Algorithms already spend their time tracking users on the web, but it now appears that GPUs could act as double agents in this large-scale tracking.

We already knew that they were now targeted by viruses; an international team of French, Israeli and Australian researchers has just developed a new exploitation technique capable of identifying users on the basis of a “fingerprint” left by a system’s GPU. This proof of concept aims to demonstrate that they can thus be exploited by unscrupulous actors in order to collect data on the online activity of Internet users.

This whole technique is based on a conceptually very simple observation. On a production line, it is impossible to obtain two perfectly identical elements. This is a central issue in the industry; there are notions such as tolerance which make it possible to ensure a certain degree of homogeneity throughout production. But some parameters are too fine to be controlled with absolute precision. There will always be some subtle differences between two units.
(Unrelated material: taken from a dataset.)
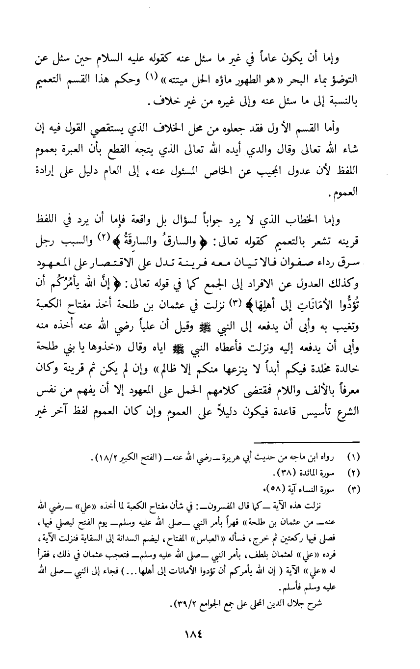 وإما الخطاب الذي لا يرد جوابا لسؤال بل واقعة فإما ان يرد في اللفظ قرينه تشعر بالتعميم كقوله تعالى: {وَالسَّارِقُ وَالسَّارِقَةُ} ٢ والسبب رجل سرق رداء صفوان فالإتيان معه قرينة تدل على الاقتصار على المعهود وكذلك العدول عن الإفراد الى الجمع كما في قوله تعالى: {إِنَّ اللَّهَ يَأْمُرُكُمْ أَنْ تُؤَدُّوا الْأَمَانَاتِ إِلَى أَهْلِهَا} ٣ نزلت في عثمان بن طلحة اخذ مفتاح الكعبة وتغيب به وأبى ان يدفعه إلى النبي صلى الله عليه وسلم وقيل ان عليا رضي الله عنه أخذه منه وأبى ان يدفعه إليه ونزلت فأعطاه النبي صلى الله عليه وسلم اياه وقال "خذوها يا بني طلحة خالده مخلدة فيكم أبدا لا ينزعها منكم إلا ظالم" وإن لم يكن ثم قرينة وكان معرفا بالألف واللام فمقتضى كلامهم الحمل على المعهود إلا ان يفهم من نفس الشرع تأسيس قاعدة فيكون دليلا على العموم وإن كان العموم لفظ آخر غير

The devil is in the details

At the graphics card level, this translates into small variations in performance. These are quite often negligible in practice, but they can nevertheless be quantified by very precise analysis tools. And this is an extremely important point, because this variability is unique for each unit that comes off the production lines.

It is this point that was exploited by the researchers to demonstrate their approach. They developed a script based on WebGL, a graphics library that helps display 3D content in browsers. This script then exploits WebGL’s ability to run small snippets of code (GLSL, to be precise) on precise GPU subunits.

However, because of the small differences related to the manufacturing process mentioned above, these subunits all display very slightly different performance. These are then compiled to extract a kind of unique fingerprinthence the English term “fingerprinting”. This then makes it possible to individually identify a unit… and therefore theoretically to track the user. And this also applies to devices equipped with dedicated cards rather than integrated GPUs, such as smartphones, Chromebooks, and other more modest devices.

The performance differences between two GPUs, summarized as a graph. © Laor et. para.

A unique and tenacious imprint

That’s a problem, because it’s an extremely stubborn fingerprint. Indeed, the techniques of fingerprinting the most common almost all suffer from the same problem: many fingerprints can change over time, which limits their interest over time. But in the case of the work of these researchers, it is an imprint based almost entirely on physical parameters. She is therefore particularly stable, and therefore usable over a long period of time.

The researchers noticed that when integrated with a leading tracking algorithm, this approach allowedincrease median tracking time by 67%. Moreover, the research team claims that the process takes only 8 seconds on average; a period that is still relatively long, but which already makes it possible to envisage use in real conditions. They also warn that the development of the web infrastructure could make this attack surface even more vulnerable in the future.

For example, the team explored the WebGPU platform, which will soon be able to run compute shaders through a browser. Very briefly, compute shaders are small programs that allow a GPU to be “diverted” from its primary task; instead of taking care of rendering, it can put itself at the service of the system by carrying out other diverse and varied tasks. Blessed bread for those who seek to exploit them.

According to the researchers, this approach will reduce the time needed to take the fingerprint from 8 seconds to 125 milliseconds. This means that a simple visit of a few seconds to a lambda website would be enough to individually identify the user’s GPU. With all that this implies in terms of personal data protection.

A structural problem difficult to solve

The other problem with this “vulnerability” is that it is difficult to repair, since it directly depends on the structure and manufacturing process of the GPUs. The researchers suggest several distinct leads; all seek to avoid the comparison between the subunits, essential to establish the signature. They thus propose restrict web page access to a single GPU subunitor even randomize subunit assignment to the different processes. Corn None of the proposed solutions completely solves the problem. without making a big sacrifice on the performance side.

The good news is that it is not yet a technique exploited on a large scale by hackers. The players concerned therefore have a certain amount of time to think about a real solution. According to HotHardware, Intel, ARM, Google, Mozilla, and Brave have already been notified by the team. For its part, Khronos, the developer behind WebGL, announced the launch of a large-scale technical study to address the root cause. Ideally, they will achieve this before mining of these GPU signatures becomes commonplace.

The text of the study is available here.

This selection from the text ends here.